On Friday, Greece’s migration minister said the government had adopted the measures so “we don’t send the wrong message of incentivising people to come”. Italy’s Right-wing politicians are pushing the government of Maria Draghi to follow suit.
It came as at least four people died, including a woman believed to be pregnant and an eight-year-old boy, and another four were missing after a migrant boat overturned off Lanzarote in the Canary Islands.
The vessel was carrying 49 people when it hit a rocky area just off the island's northern shores, with rescuers pulling 41 people to safety, emergency services said.
So far this year, more than 18,000 migrants and refugees have landed in Italy after crossing the Mediterranean from Libya and Tunisia.That compares to 5,700 in the same period last year and just 2,100 in the corresponding period in 2019.
So many migrants are reaching Italian soil that the country “risks becoming a sieve,” said Matteo Salvini, the leader of the hard-Right League party, who has repeatedly criticised the prime minister despite being a member of his coalition.
He called for “immediate intervention” to tackle the exodus from North Africa, which has resulted in 77,000 migrants being accommodated in Italian reception centres.
Like its predecessors, the coalition government led by Mr Draghi is frustrated that the rest of the EU is offering little solidarity in terms of accepting migrants and refugees for resettlement.
There has been a sharp rise in the number of migrant boats reaching Sicily and the tiny island of Lampedusa in recent weeks. The arrival of 1,000 migrants on Lampedusa in the past week has overwhelmed the island’s reception centre.
The Covid-19 pandemic has led to an economic crisis across much of Africa, which is propelling people towards Europe, experts say. And the ongoing instability in Libya provides a fertile ground for people traffickers, criminal gangs and militias to act with impunity.
Mr Salvini will bang the drum over the migrant issue when he holds a rally in Rome on Saturday for supporters of the League.

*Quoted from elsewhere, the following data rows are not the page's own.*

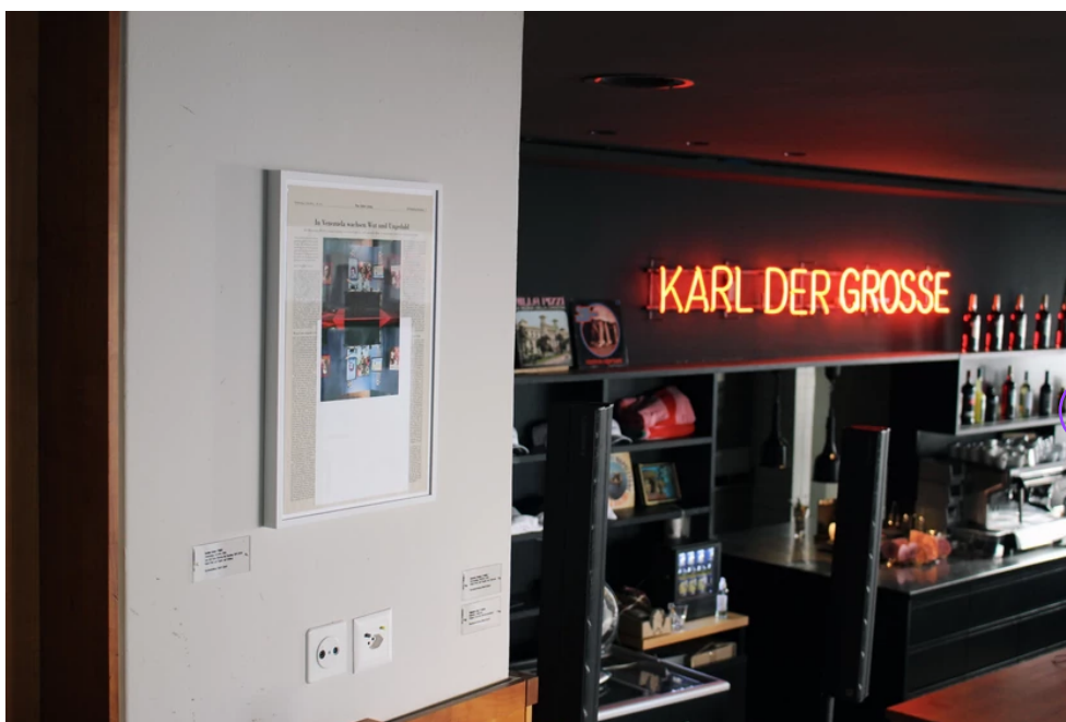
Kunstaussstellung «It's a womens, women's, women's World» im Zürcher Debattierhaus Karl der Grosse.

Im Fokus von Meier-Bickels Ausstellung stehen ausschliesslich Künstlerinnen, was auch zur Location passt: Der 1894 gegründete Frauenverein traf sich nämlich des Öfteren im Debattierhaus, es wurde dann zu ihrem Stammlokal. Boleromagazin.ch hat die Zürcherin im Karl der Grosse getroffen und mit ihr über die Stellung von Frauen in der Kunstwelt gesprochen.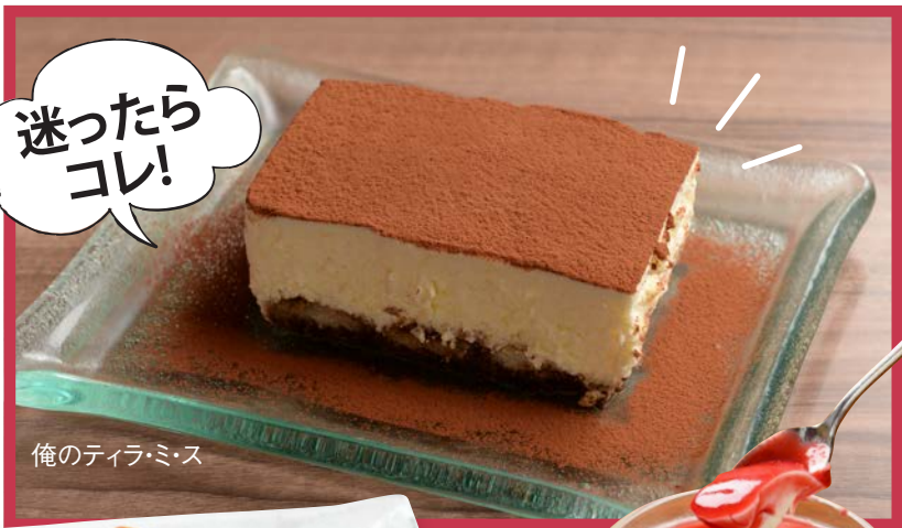
俺のティラ・ミス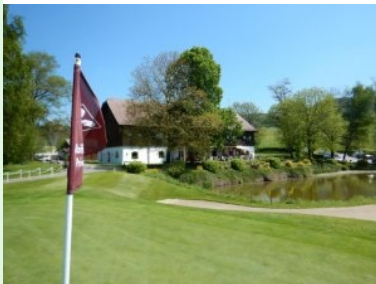
Grün Loch 8 mit Clubhaus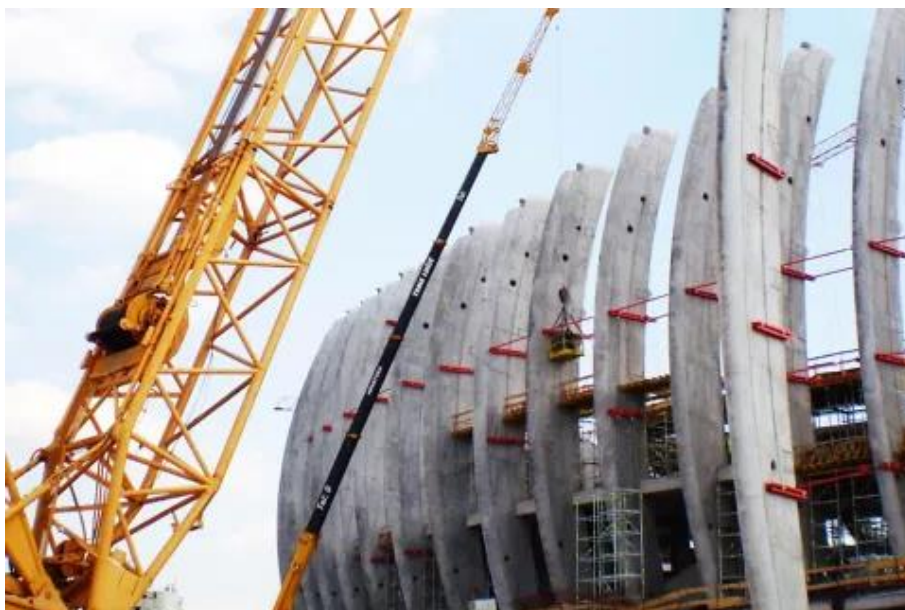
Slika 16.: Montaža stupa (Izvor [14])

Na vrhu stupova smještena je točka za sidrenje kablova namijenjenih za nošenje krovne konstrukcije. Viseća čelična krovna konstrukcija izrađena je od čeličnih profila raspoređenih u glavnom i sekundarnom smjeru. Stabilnost i dinamika konstrukcije osigurani su pravilnom raspodjelom opterećenja i mogućnošću zamjene kablova. [14]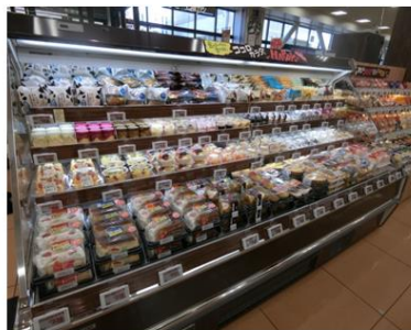
【フレッシュデザートコーナー】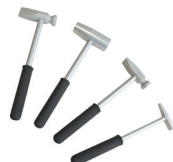
4 aluminium hammere Ref: 020986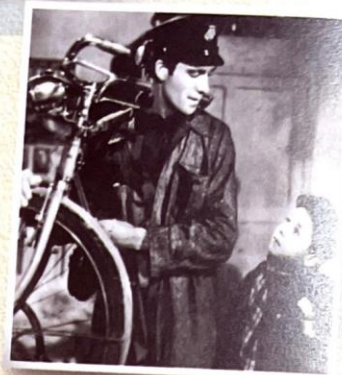
Una scena dal film - simbolo del neorealismo. Ladri di Biciclette

Forse il periodo più glorioso del cinema italiano. Si chiama così perché i registi di quel periodo hanno cercato di dare un'immagine vera della società italiana dopo la seconda guerra mondiale. I film più importanti sono stati Roma città aperta (1944 con Anna Magnani) girato da Roberto Rossellini in una Roma ancora occupata dai nazisti e il bellissimo Ladri di Biciclette (1948) di Vittorio De Sica, con attori presi dalla strada (Oscar per il miglior film straniero).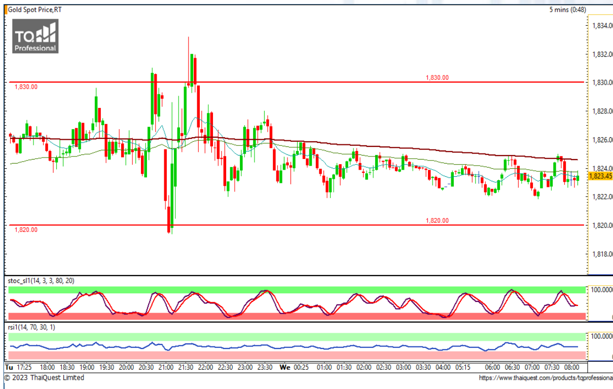
CHART INSIGHT Gold Futures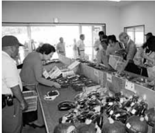
甲斐敷島梅の里クラインガルテンの指定管理者が運営する「ゆうのう市場」

委託への移行など 指定管理者制度の活用 甲斐敷島梅の里クラインガルテン指定管理者導入など 市民との協働の推進 男女共同参画の推進、市民公募制の推進、パブリックコメント制度の導入など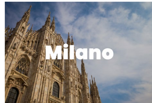
Milano - sede di riferimento Via Cristoforo Colombo, 12 - 20094 Corsico (MI)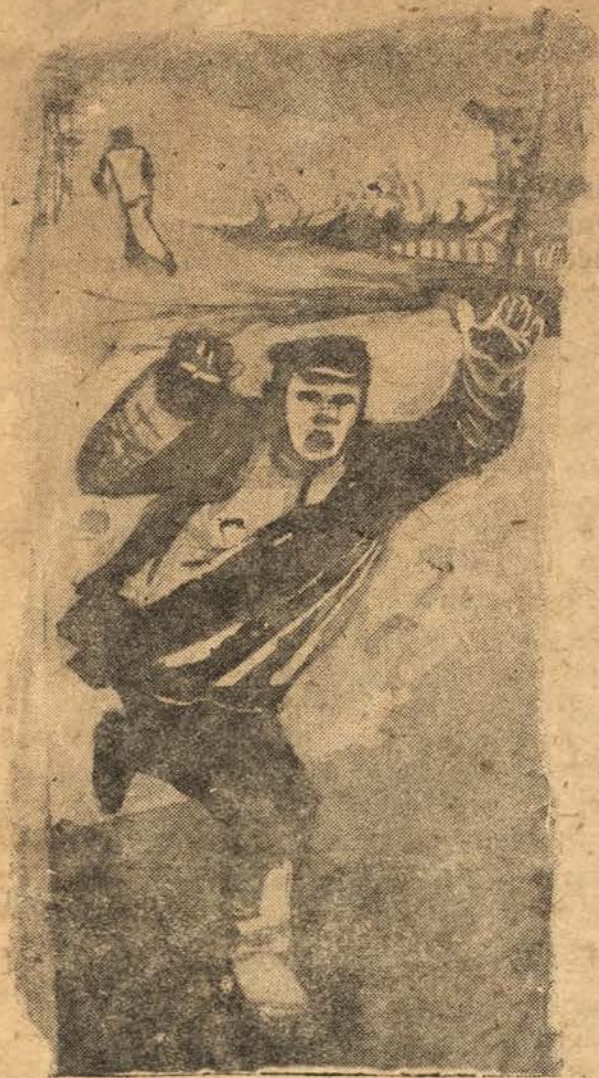
Ён пабег у лагер з крыкам: „Прапруджвае! Прапруджвае!“

І хлопцы дзядзькі Белара ўскочылі на ногі ўсе разам. І сям дзядзька Белара, чыхнуўшы, прачнуўся. Ён прачнуўся і адразу адзеў шапку. У лагера білі барабаны, па лагера грывела трывога. Разгарнуліся сцягі. Зазіялі пражэктары. І ўдарылі аркестры.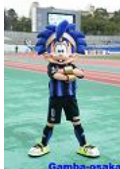
ガンバ大阪 「GAMBA BOY」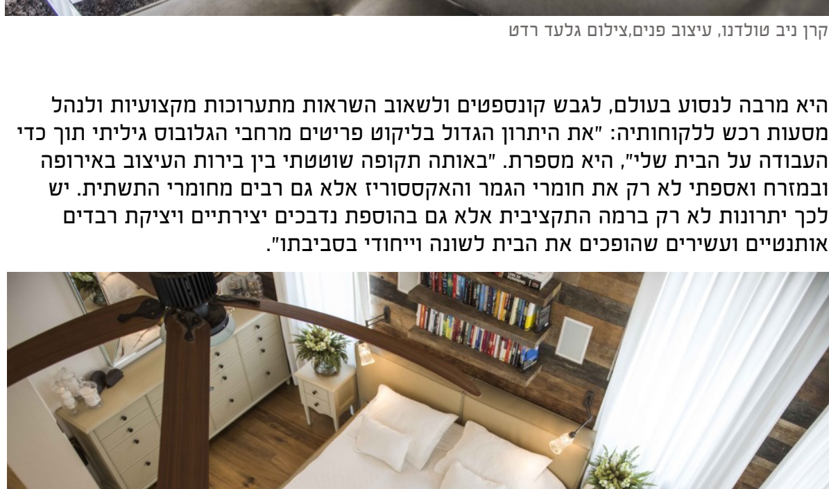
קרן ניב טולדנו, עיצוב פנים

היא מרבה לנסוע בעולם, לגבש קונספטים ולשאוב השראות מתערוכות מקצועיות ולנהל מסעות רכש ללקוחותיה: "את היתרון הגדול בליקוט פריטים מרחבי הגלובוס גיליתי תוך כדי המערכה על הבית שלי", היא מספרת. "באותה תקופה שוטטתי בין בירות המעצב באירופה ובמזרח בשילוב הטבע כהווייתו בתשתיות- ברצפה, בתקרות ובקירות החלל ואיך כל זה משפיע על העסק שלהם. כאן באה לידי ביטוי ההבנה המסחרית והעסקית שלי. אחת המשימות העיקריות שלי בפרויקטים כאלה היא להשביח את ביצועי העסק דרך החוויה שאני המשחק בצבע אני שומרת לפריטי ההלבשה ולאקססוריו שעלותם צנועה יותר וניתן להחליפם על פי רצון וצורך כשמתחשק".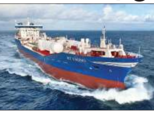
தமும் தற்போது நாட்டில் நிலவும் எரிபொருள் தட்டுப்பாட்டுக்கு தீர்வு கிட்டுமென என்றும் அவர் தெரிவித்துள்ளார். நாட்டில் தற்போது நிலவும்

நாட்டில் நிலவும் எரிபொருள் தட்டுப்பாடு எதிர்வரும் இரண்டு தினங்களில் முற்றாக நீங்கும் பெற்றோலியக் கூட்டுத்தாபனம் தெரிவித்துள்ளது. இலங்கை- இந்திய கடனுதவித் திட்டத்தின் கீழ் இலங்கைக்கு கிடைக்கவுள்ள முதலாவது தொகை டீசல் நாளை ஞாயிற்றுக்கிழமை நாட்டை வந்தடையுமென கூட்டுத்தாபனத்தின் உயரதிகாரி ஒருவர் நேற்று தெரிவித்தார். எரிபொருளை தாங்கிய கப்பல் குடியேற்றுகிழமை கொழும்பு துறைமுகத்தை வந்தடையுமென தெரிவித்துள்ள அவர், அந்தக் கப்பலில் 40 ஆயிரம் மெற்றிக் தொன் டீசல் காணப்படுவதாகவும் அந்த டீசல் கப்பலிலிருந்து விடுவிக்கப்பட்டு பகிர்த்தளிப்பு நடவடிக்கைகள் ஆரம்பித்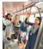
Visitors check photos in the metro model coach in Bhopal on Saturday.

MP Metro Rail Corporation Limited (MPSRCL) has been constituted to implement the metro rail projects in the state. Both projects are expected to be completed soon.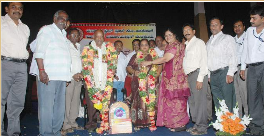
ಉತ್ತಮ ಕ್ರೆಡಿಟ್ ಸೌಹಾರ್ದಗಳೆಂದು ಶಿವಮೊಗ್ಗದ ಆರ್ಯವೈಶ್ಯ ಸಹಕಾರಿ ಸಂಘಕ್ಕೆ ಸನ್ಮಾನ : ಅಧ್ಯಕ್ಷರು ಹಾಗೂ ಆಡಳಿತ ಮಂಡಳಿಯವರಿಂದ ಪ್ರಶಸ್ತಿ ಸ್ವೀಕಾರ.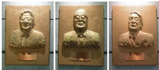
【写真】「沖縄米軍基地所在市町村活性化特別事業」の功労を称える肖像レリーフ(左から、島田晴雄慶応大学教授、梶山静六官房長官、岡本行夫首相補佐官(肩書きは当時))

嘉手納ロータリーには、町内でひときわ大きく2棟の再開発ビルがそびえ建つ。町の公共施設が入る「ロータリープラザ」(公民館、図書館、温水プール、子育て支援センター等)、那覇市から移転した沖縄防衛局、入国管理局が入居するロータリー1号館である。ロータリープラザの1階玄関ロビーには、島田懇談会事業の功労を称え、後世に伝える趣旨で、赤銅色に輝く3体の肖像レリーフが設置されている。それぞれのプレート内に、功労者として梶山静六、岡本行夫、島田晴雄の3人の上半身をかたどった彫像が収まっている。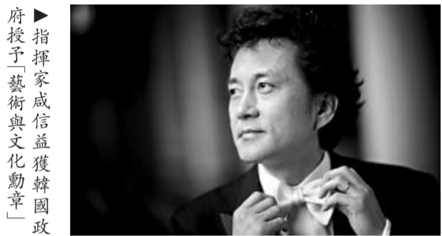
指揮家咸信益獲韓國政府授予「藝術與文化勳章」

富有創新精神的指揮家咸信益，曾獲得波蘭第四屆菲特爾伯格國際指揮比賽獎，由伊斯曼音樂學院和詩伯德社會基金授予的沃爾特·哈根指揮獎，並於一九九七年獲邀參加美國交響樂團指揮聯盟巡迴。一九九五年，咸信益獲韓國政府「藝術與文化勳章」，以表彰其在紀念韓國獨立五十年演出中的傑出貢獻。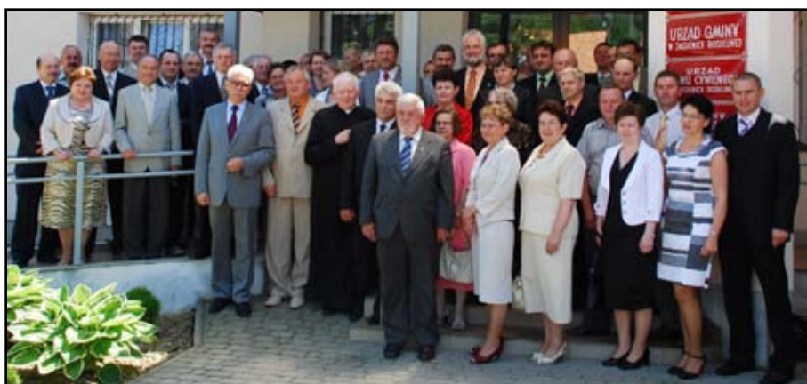
Pamiątkowe zdjęcie z Jubileuszu 20-lecia samorządu terytorialnego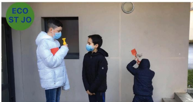
L'extraction des matières premières et leurs conséquences.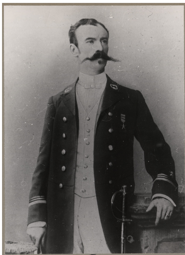
Portret van Léon Rom

Het is onduidelijk of Rom dit document in de context van dit gewelddadige conflict meenam of overhandigd kreeg. Hij hield het bij als 'souvenir' aan een verslagen vijand, wat erop zou kunnen wijzen dat hij de brief als een trofee beschouwde. Rumaliza, die zich herhaaldelijk verzette tegen de installatie van Duitse en Belgische strijdkrachten in de Tanganyika-regio, wist de verschillende aanvallen echter te overleven en te ontsnappen - in tegenstelling tot veel van zijn gelijken. Uiteindelijk vestigde hij zich op Zanzibar, waar hij zijn handelsactiviteiten voortzette.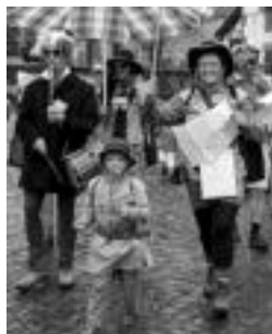
lazio Ihoteetako irudi bat. J. A.

Igandekoak ere balio bera dute eta Txokon eta Peritzan daude salgai. Hau 14:30ean, Erletako eskolako jantokian izanen da. Jakiak, berriak, honakoak: urdaiazpikoa, zainzuriak, otarrainskak, frijituak, bakailo Bizkaiko erara, entrekota guarnizioarekin, goxua edo sorbetea, eta bukaerakoak.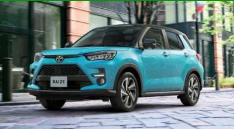
Photo: Z ボディカラー：ブラックマイカメタリック(X07)×ターコイズブルーマイカメタリック(B86)(XH6)(55,000円)はメーカーオプション。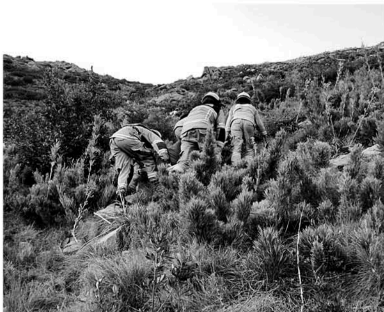
ALREDEDOR DE LAS 7:00 DEL SÁBADO, Bomberos encontró a los tres excursionistas cerca de un risco.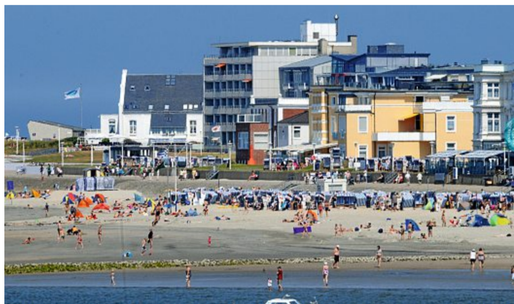
Der Strand voller Leute scheint ferne Zukunftsmusik zu sein.

„Dass Tourismus nicht zu allervorderst notwendig ist in einer Krise, ist uns völlig bewusst“, sagte der Kurdirektor und kritisiert: „Die Landkreise, die hier zuständig sind für unsere Region, sind nicht in der Lage gewesen, ein Nordseedach zu bilden. Das fällt uns heute auf die Füße. Es findet viel gut gemeinter Aktionismus statt, der aber unkoordiniert ist. Es gibt keinen, der mal zum Wirtschaftsminister geht und sagt: „darüber müssen wir dringend mal reden.“ Und ja, auch Unternehmen wie beispielsweise das Staatsbad können pleite gehen,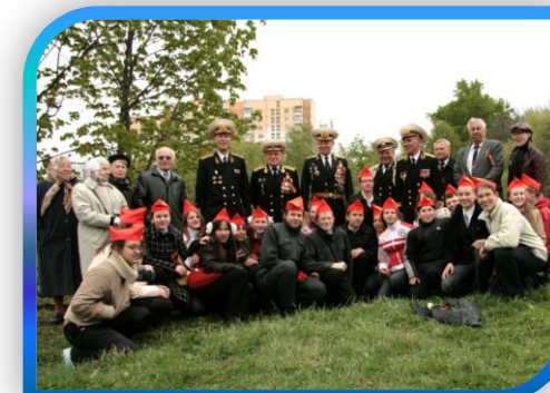
ВСТРЕЧА ПРЕДСТАВИТЕЛЕЙ ДЕТСКОГО АКТИВА С ВЕТЕРАНАМИ- ЧЛЕНАМИ КЛУБА АДМИРАЛОВ, ЯСЕНЕВО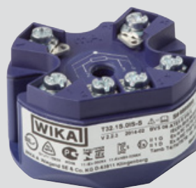
Transmisor de Temperatura WIKA T32. xS con protocolo Hart

La temperatura es la magnitud física más medida en la industria de procesos, y desde sus inicios hace 130 años han aumentado sin parar las variantes de su instrumentación a cifras innumerables. Los criterios para todos los dispositivos siguen siendo la exactitud y la fiabilidad a largo plazo.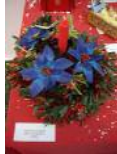
Virgen de los Dolores Zahara de la Sierra (Cádiz)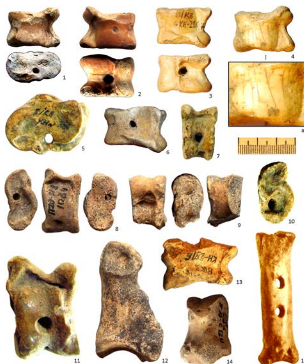
Рис. 2. Гральні атрибути: 1–14 – астрагали; 15 – гуркало

10 Сергєєва, М. С. (2002). До історії гри в бабки в Київській Русі. Археологія , 4, 55–56; Морозов, И. А., & Слепцова, И. С. (2004). Круг игры. Праздник и игра в жизни северорусского крестьянина (XIX–XX вв.) . Москва: Индрик, 643; Стрельник, М. О., Хомчик, М. А., & Сорокіна, С. А. (2009). Гральні кістки (III тис. до н. е. – XIV ст. н. е.) з колекції Національного музею історії України. Археологія , 2, 47; Kabzińska-Stawarz, I. (1991). Games of Mongolian Shepherds . Warsaw: Institute of the History of Material Culture, 17–28.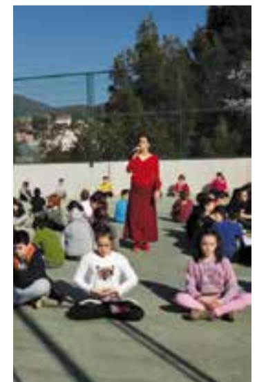
Cloenda de l'eix al pati de l'escola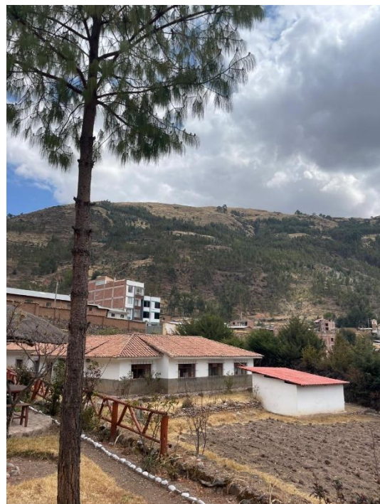
Das Haus der Schwestern

Mit ihnen lebe ich in einem gemütlichen Haus mit einem eigenem Zimmer und Bad. Das Grundstück ist eher gross mit einem Feld auf dem die Schwestern Mais anbauen, einem Gewächshaus, in dem Gemüse für den eigenen Verzehr angebaut wird und einem kleinen Gästehaus.

Although migrant arrivals are causing alarm, they are lower than during the peak of the 2010s. In 2014, 170,000 asylum seekers arrived in Italy by sea, followed by 154,000 in 2015 and 181,000 in 2016.
“The numbers this year are not high (in comparison),” Flavio Di Giacomo from the International Organisation for Migration, the UN’s migration agency, told The Telegraph.
In contrast to Italy, Greece has seen a dramatic decline in the number of asylum seekers trying to enter its territory by land and sea from Turkey.
Those who do reach Greece’s islands in the Aegean are detained in squalid camps made up of tents and metal containers, where they often languish for years until their asylum applications are considered.
Greece has toughened its border control – the Greek coast guard has been repeatedly accused of pushing migrant boats back towards the Turkish coast, in violation of international law.
Recently it was reported that the Greek police on the land border were experimenting with the use of controversial sound cannons – acoustic devices which fire bursts of deafening noise over the frontier to harass and deter migrants.
Notis Mitarachi, the Greek migration minister, told Reuters: “Our policy is strict but fair.”
Like Italy, Spain is under pressure, with more than 11,000 migrants arriving by sea so far this year. So far this year more than 5,700 migrants have made the dangerous crossing from Africa to the Canaries archipelago, over twice as many as in the same period in 2020, which itself saw an eightfold increase from 2019.
A record 850 died on the route last year, according to the United Nations migration agency, which suggested Covid-19 had prompted many workers in struggling industries like fishing or agriculture to migrate.